The second activity is producing a de-identified data set, typically for research, public health reporting, or sharing with a third party who does not have a direct treatment or payment relationship with the patient. This is the harder job. Safe Harbor applies in full, or the alternative Expert Determination method has to be documented. The bar is much higher, and a lot of redaction work that calls itself "de-identification" is really job one wearing job two's clothes.

Knowing which job you are doing matters because the stopping point is different. Job one stops when the recipient has what they are authorized to see and nothing more. Job two stops when no one looking at the document, armed with reasonable external information, could plausibly identify the individual. Tooling that is sufficient for the first is often insufficient for the second.

What HIPAA actually says about sending PHI to a cloud vendor

Here is the part that surprises people. If you upload a document containing PHI to a cloud-based redaction service, that service is, in HIPAA's eyes, a business associate of your organization. The Office for Civil Rights said this directly in its 2016 guidance on cloud computing.
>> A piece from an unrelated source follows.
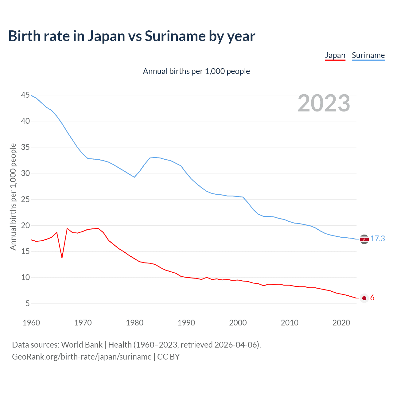 Japan has an annual birth rate of 6 births per 1,000 people, compared to 17.3 for Suriname. The average number of children a woman is expected to have during her lifetime — the fertility rate, is 1.2 in Japan and 2.25 in Suriname — 87.4% difference.
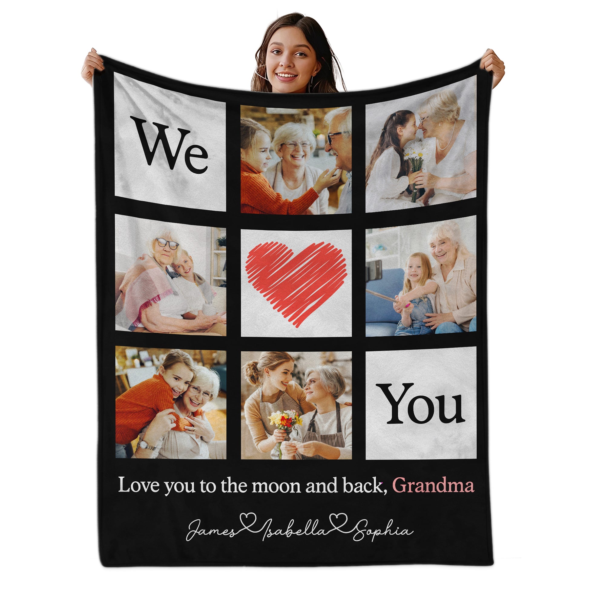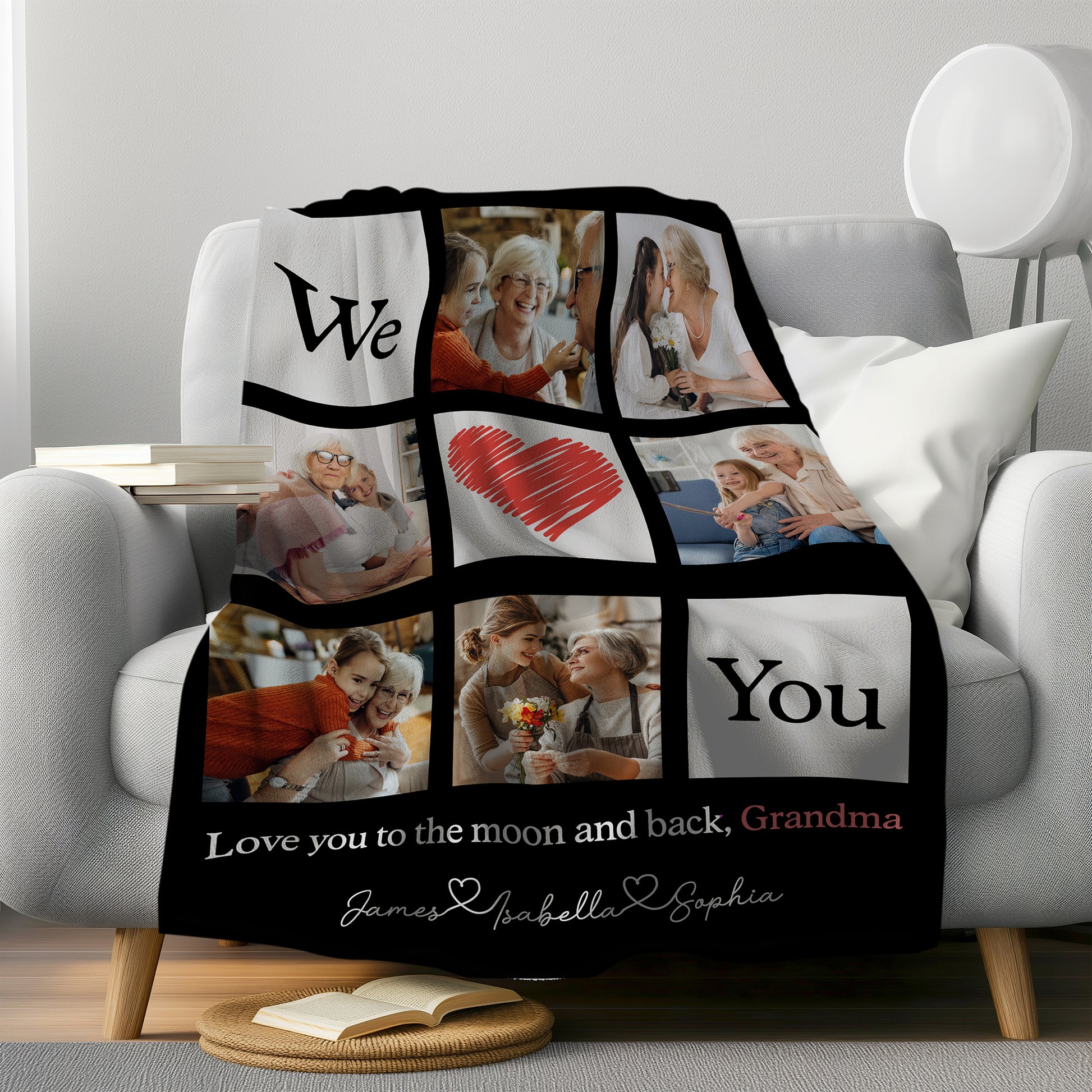 Custom Photo Collage Blanket, Personalized Grandma Blanket with Kids' Names and Pictures, Floral Mother's Day Gift for Mom or Grandma

A cloud service provider that creates, receives, maintains, or transmits PHI on behalf of a covered entity or another business associate is a business associate, regardless of whether the provider can read the data. Encryption does not change the relationship. The status is defined by what the vendor does with the data, not by what the vendor can see.
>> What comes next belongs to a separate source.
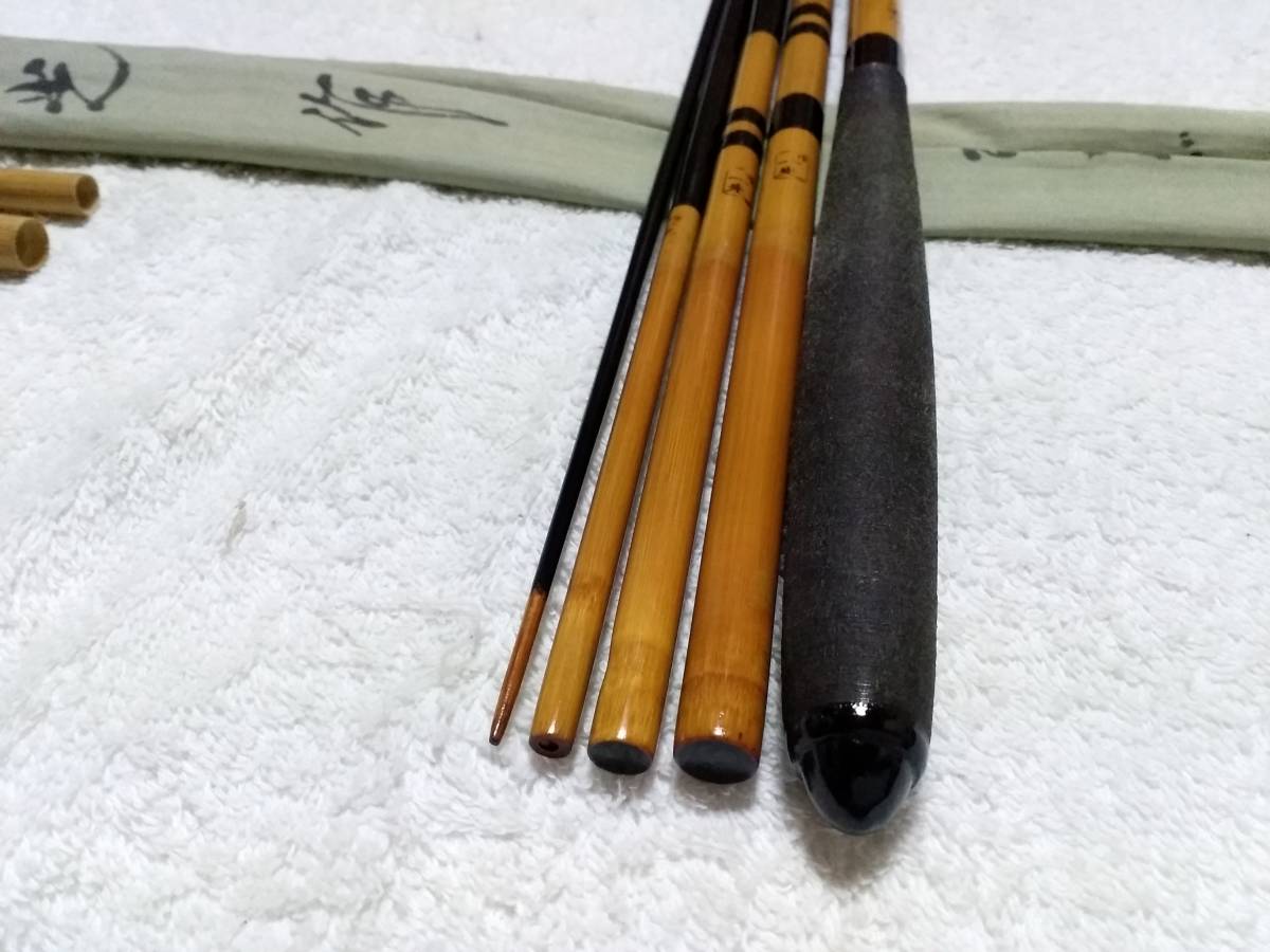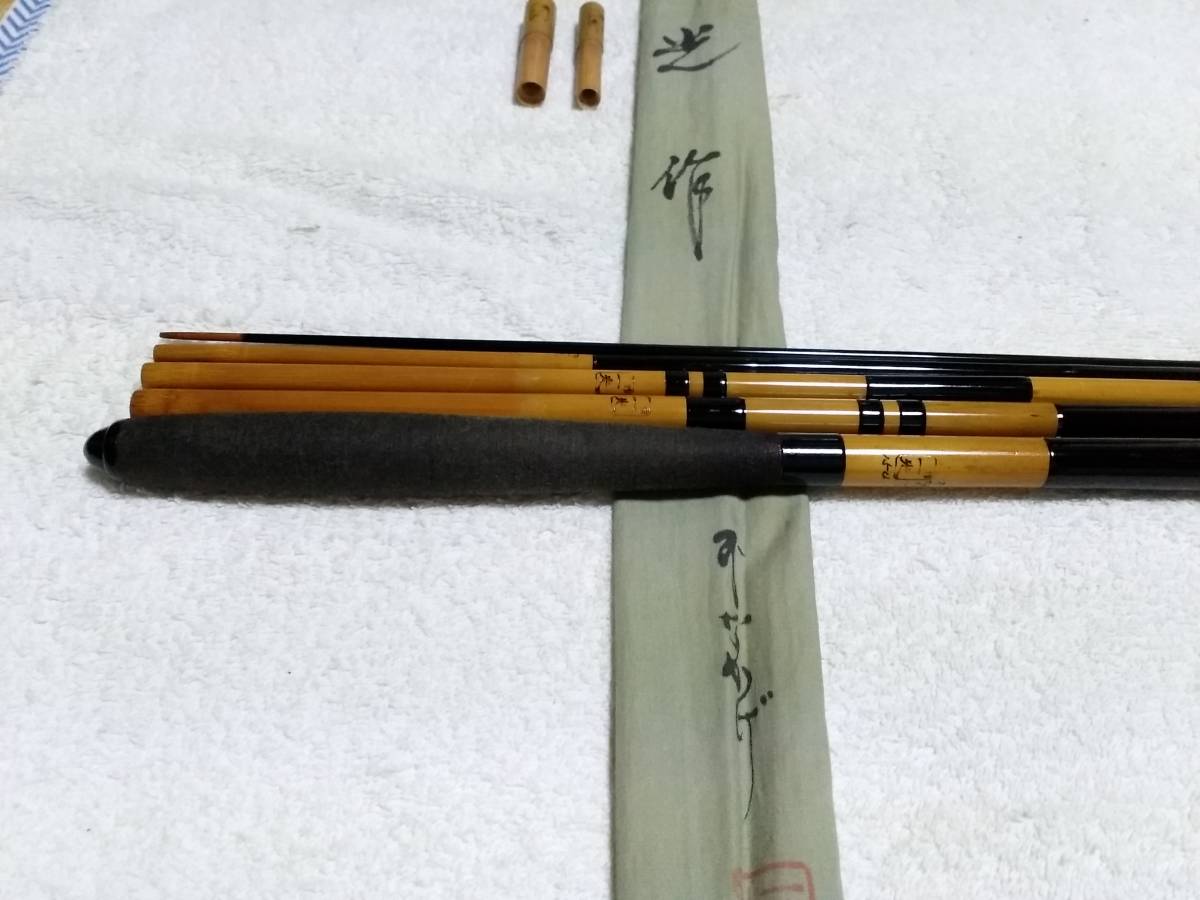 付属品は画像の通り、オリジナルの口栓、竿袋になります。になります。竿の状態ですが、口割れ、欠け、深い傷などなく綺麗です。薄い傷が有るかも知れませんが、艶もありとても良い状態だと思います。私感的には非常に綺麗な状態だと思います。3番の込みに少し薄い傷があります。繋げは分かりませんし使用には問題ありません。オークション終了後48時間以内にご連絡の方のみご入札下さい。落札後取り引きナビにてご連絡させて頂きます。ご入札後のキャンセル、返品。クレーム等受付られません。送料はヤマト運輸の元払いで、九州から関東まで1600円です。宜しくお願いします。元竿14.1ミリ 穂先 4ミリです。

There is a narrow exception called the conduit exception, which covers entities that merely transmit PHI without storing it in any meaningful way. The classic examples are the US Postal Service, courier services, and internet service providers. The 2013 Omnibus rule preamble was explicit that the exception is intentionally narrow and does not cover services that store PHI even temporarily. A redaction service that receives a file, processes it on a server, and returns a result is not a conduit.

Practically, this means three things. If you send PHI to a cloud-based vendor for redaction or any other processing, you must have a Business Associate Agreement with that vendor before the data leaves your network. If the vendor uses sub-processors — and most do — those sub-processors must be bound by appropriate agreements as well. And if either of those agreements is missing, the upload itself is a HIPAA violation, separate from anything that happens to the data afterwards.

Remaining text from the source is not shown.